::: Exercise material

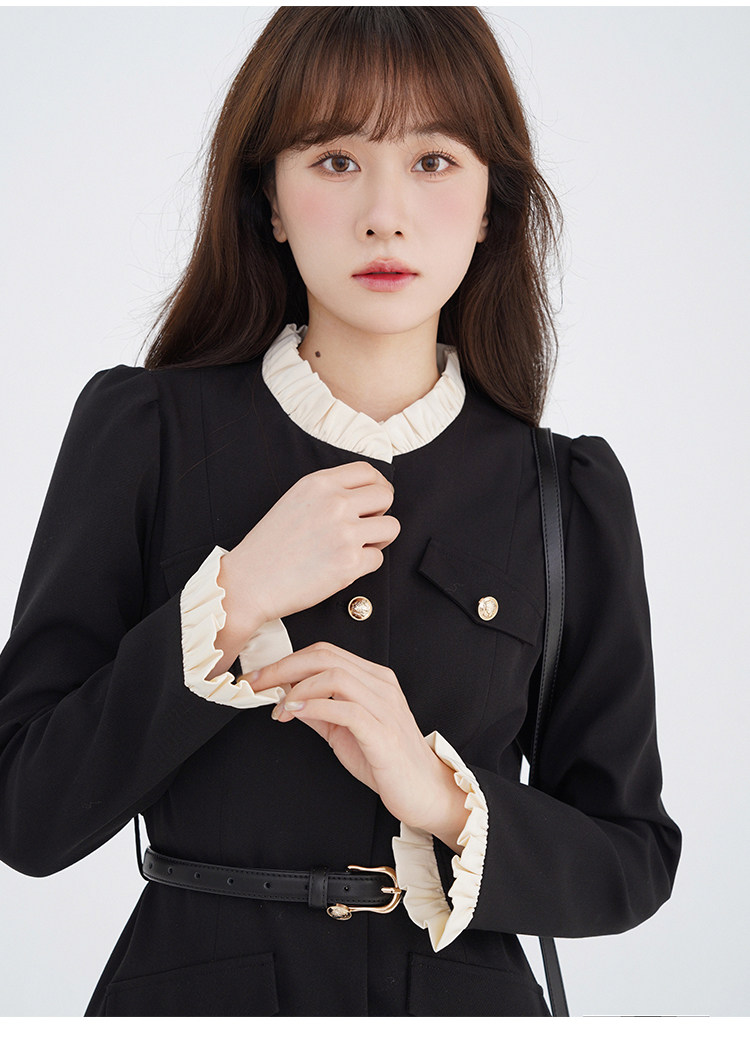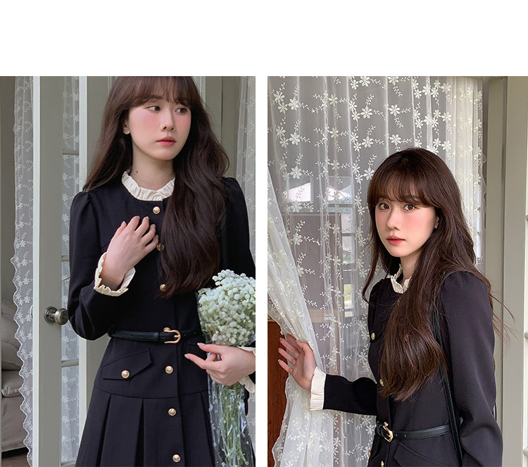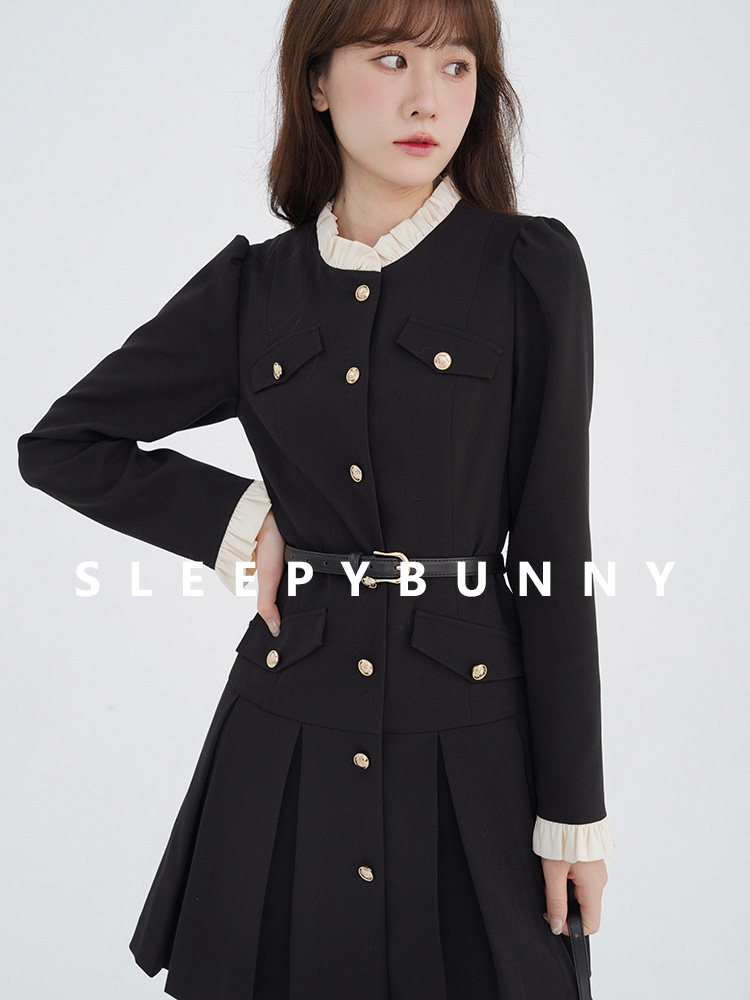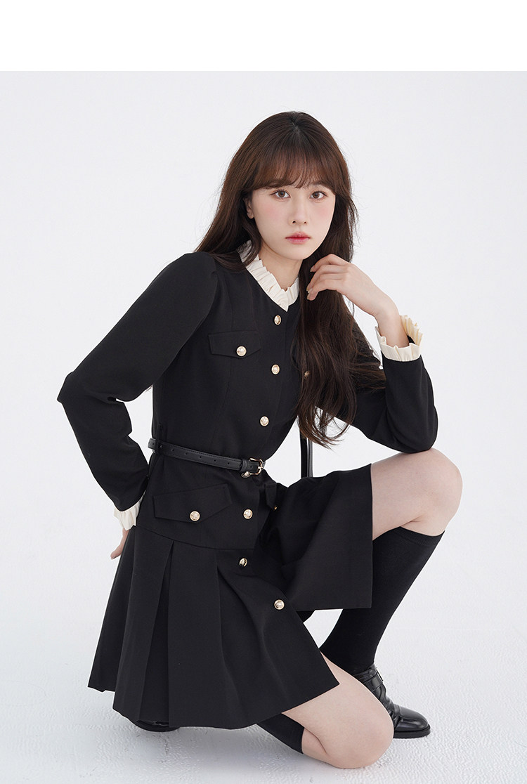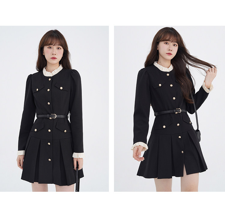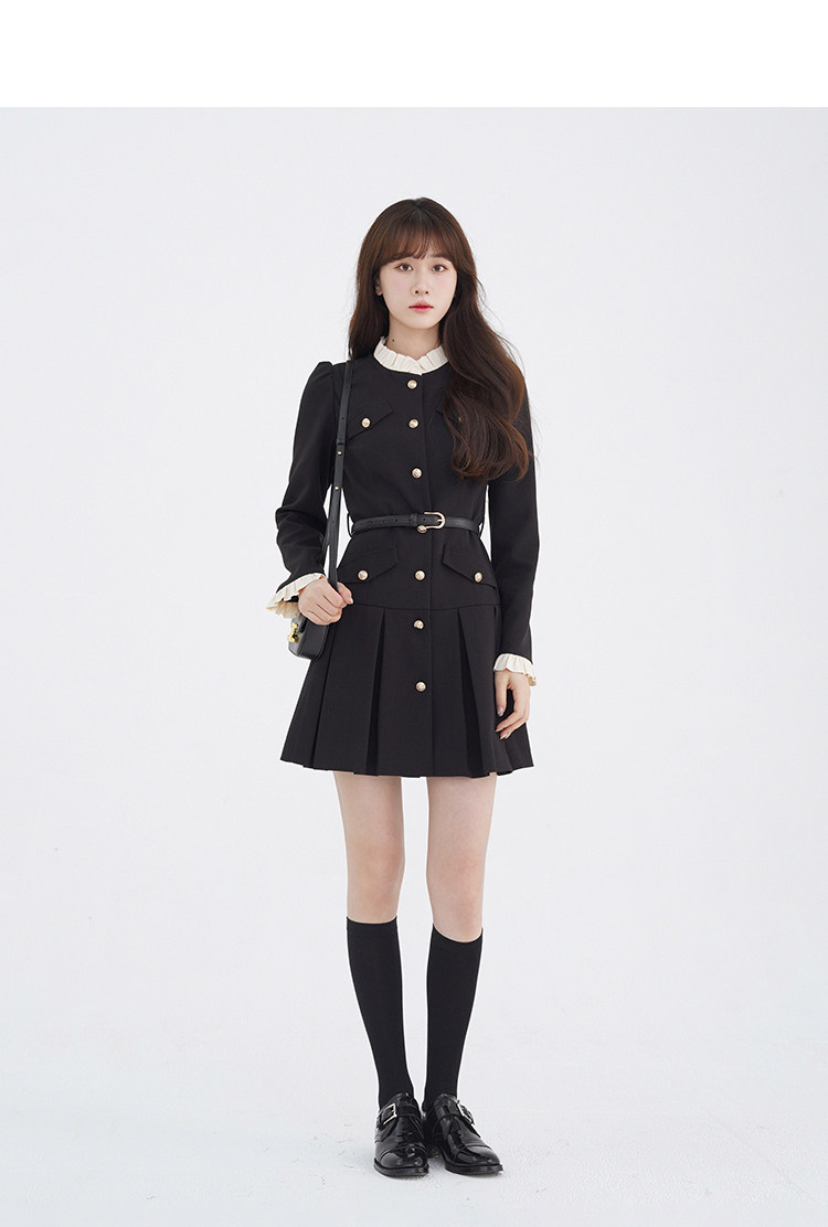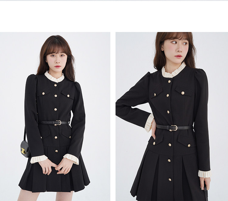 Комплект, осенний лонгслив, милое элегантное черное платье, высокая талия, А-силуэт
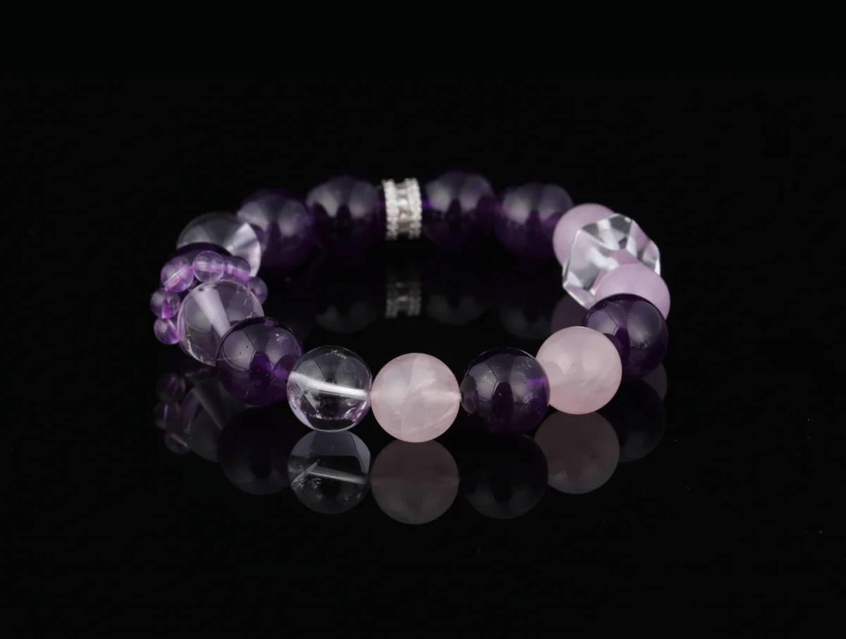 這款天然紫粉晶手鏈融合了粉晶和紫晶的雙色能量,具有多重功效。粉晶能招桃花旺人緣,提升情感運勢;紫晶則助眠減壓增智慧,幫助緩解焦慮和壓力。兩者結合,還能招財旺運,特別適合想要提升財運與情感運勢的人群。產品簡介中提到它是「萬人回購的助眠神器」,睡前佩戴可感受溫柔能量包裹,讓焦慮壓力悄然消散。
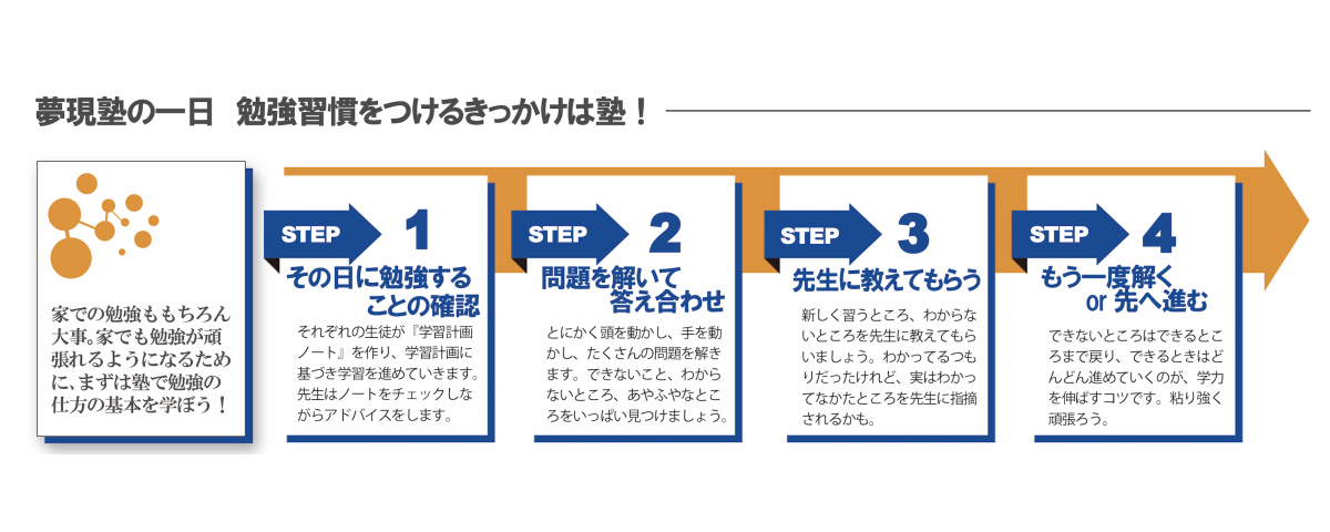 ことを身につけることができません。 夢現塾では、一人ひとりの生徒と打ち合わせながら、学習目標 や課題を決め、塾でがんがん勉強してもらいます。(問題を解いて
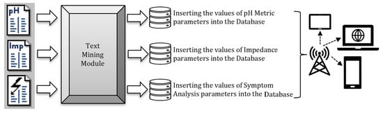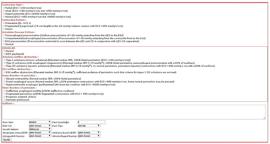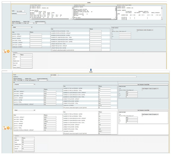 In this large and comprehensive database, patients with GERD and reflux motility problems were recorded, including details of their history, upper gastrointestinal endoscopy reports, questionnaire scores, classical or high-resolution esophageal manometry data, radiology reports, consultation reports, reflux council notes, medication doses and durations, and 24 h impedance–pH monitoring, such as their bravo capsule pH monitoring results. As a result, a decision support software package that allows examinations, questionnaires, and scores to be stored in the database, accessed upon request, decided on by the physician, and analyzed, has been created. As computer applications that make an automatic diagnosis are becoming widespread nowadays, the results of the multi-parameter pH monitoring, impedance, and symptom analysis obtained automatically over MMS (Medical Measurement Systems, The Netherlands) can be transferred to this database, as in Figure 1, and a diagnosis based on pH monitoring–impedance can be made (e.g., pH monitoring is pathologic, while impedance is normal; impedance is pathologic, while pH monitoring is normal; both of them are pathologic; pathological acid reflux; impedance is upper bounded, while pH monitoring is pathologic; etc.). As a result, the data introduced by this software via copy–paste and text parsing methods are automatically separated into 48 parameters and, thus, can save users a lot of hard work.
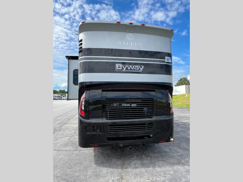 Say hello to affordable luxury with the Byway Class A diesel motorhomes by Tiffin Motorhomes. Each model includes an Allison 2500 MH 6-speed automatic transmission for power you can feel, and a Freightliner XCS straight rail rear engine diesel chassis for a strong foundation. All of your power needs will be met with an 8.0kW Onan Quiet diesel generator, 2,000-watt Pure Sine wave inverter, and (4) 6-volt, 230-amp hours flooded lead-acid house batteries. A Truma AquaGo comfort instant water heater is a feature you won't want to travel without, and the Spyder controls multiplex system keeps you in control of your units functions. It won't be hard to find luxury features inside, like the handcrafted overhead cabinetry, solid surface countertops, full tile backsplash in the kitchen, and Ultrafabrics Montage captain's seats. The driver will also love the 7" high-def LED multichannel monitor for the side-view and back up cameras plus an in-dash navigation system to help you arrive at your destination!
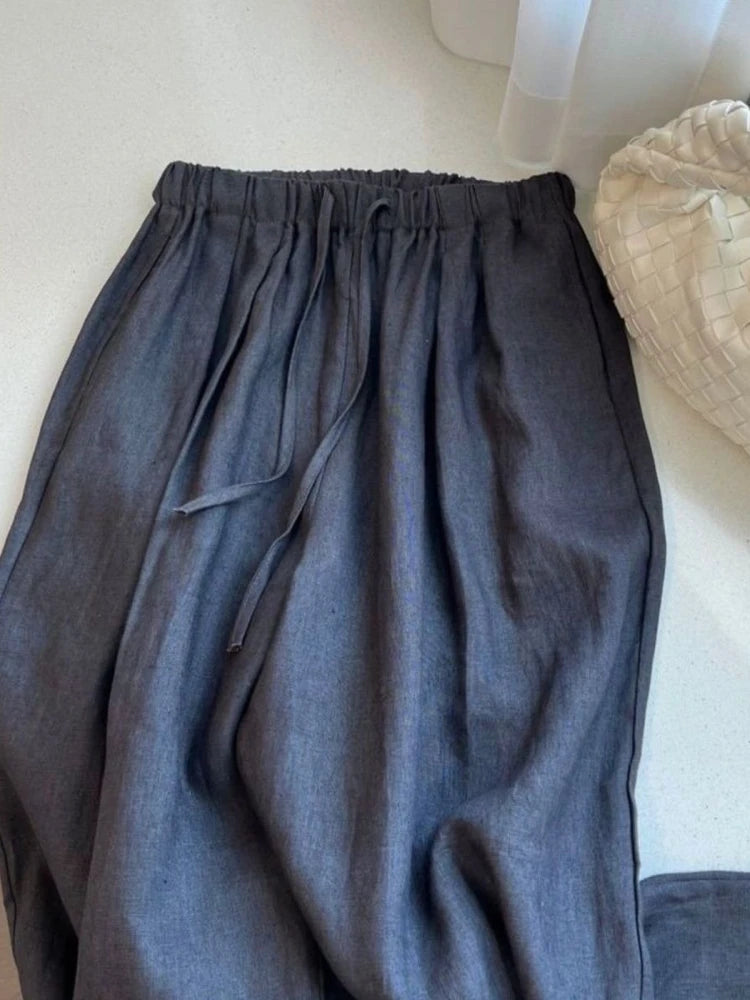 High Waisted Linen Wide Leg Pants for Summer Loose Comfort Breathable Floor Length Pants Leisure Simple Cotton and Linen Pants
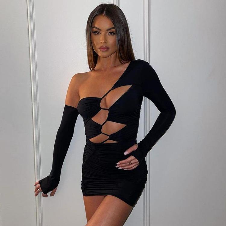 Сексуальное бандажное мини-платье с длинным рукавом и вырезом для клубной вечеринки, облегающий наряд, шикарная одежда
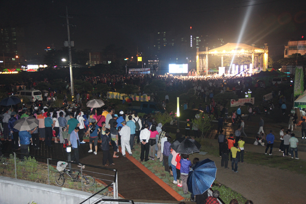 [개막 당일인 14일 오후 7시경 많은 군민들이 여하정을 찾아 축제의 서막을 축하했다]

::::::

Please give the records again word for word, omitting all images.

 Комплект, осенний лонгслив, милое элегантное черное платье, высокая талия, А-силуэт
 這款天然紫粉晶手鏈融合了粉晶和紫晶的雙色能量,具有多重功效。粉晶能招桃花旺人緣,提升情感運勢;紫晶則助眠減壓增智慧,幫助緩解焦慮和壓力。兩者結合,還能招財旺運,特別適合想要提升財運與情感運勢的人群。產品簡介中提到它是「萬人回購的助眠神器」,睡前佩戴可感受溫柔能量包裹,讓焦慮壓力悄然消散。
 ことを身につけることができません。 夢現塾では、一人ひとりの生徒と打ち合わせながら、学習目標 や課題を決め、塾でがんがん勉強してもらいます。(問題を解いて
 In this large and comprehensive database, patients with GERD and reflux motility problems were recorded, including details of their history, upper gastrointestinal endoscopy reports, questionnaire scores, classical or high-resolution esophageal manometry data, radiology reports, consultation reports, reflux council notes, medication doses and durations, and 24 h impedance–pH monitoring, such as their bravo capsule pH monitoring results. As a result, a decision support software package that allows examinations, questionnaires, and scores to be stored in the database, accessed upon request, decided on by the physician, and analyzed, has been created. As computer applications that make an automatic diagnosis are becoming widespread nowadays, the results of the multi-parameter pH monitoring, impedance, and symptom analysis obtained automatically over MMS (Medical Measurement Systems, The Netherlands) can be transferred to this database, as in Figure 1, and a diagnosis based on pH monitoring–impedance can be made (e.g., pH monitoring is pathologic, while impedance is normal; impedance is pathologic, while pH monitoring is normal; both of them are pathologic; pathological acid reflux; impedance is upper bounded, while pH monitoring is pathologic; etc.). As a result, the data introduced by this software via copy–paste and text parsing methods are automatically separated into 48 parameters and, thus, can save users a lot of hard work.
 Say hello to affordable luxury with the Byway Class A diesel motorhomes by Tiffin Motorhomes. Each model includes an Allison 2500 MH 6-speed automatic transmission for power you can feel, and a Freightliner XCS straight rail rear engine diesel chassis for a strong foundation. All of your power needs will be met with an 8.0kW Onan Quiet diesel generator, 2,000-watt Pure Sine wave inverter, and (4) 6-volt, 230-amp hours flooded lead-acid house batteries. A Truma AquaGo comfort instant water heater is a feature you won't want to travel without, and the Spyder controls multiplex system keeps you in control of your units functions. It won't be hard to find luxury features inside, like the handcrafted overhead cabinetry, solid surface countertops, full tile backsplash in the kitchen, and Ultrafabrics Montage captain's seats. The driver will also love the 7" high-def LED multichannel monitor for the side-view and back up cameras plus an in-dash navigation system to help you arrive at your destination!
 High Waisted Linen Wide Leg Pants for Summer Loose Comfort Breathable Floor Length Pants Leisure Simple Cotton and Linen Pants
 Сексуальное бандажное мини-платье с длинным рукавом и вырезом для клубной вечеринки, облегающий наряд, шикарная одежда
 [개막 당일인 14일 오후 7시경 많은 군민들이 여하정을 찾아 축제의 서막을 축하했다]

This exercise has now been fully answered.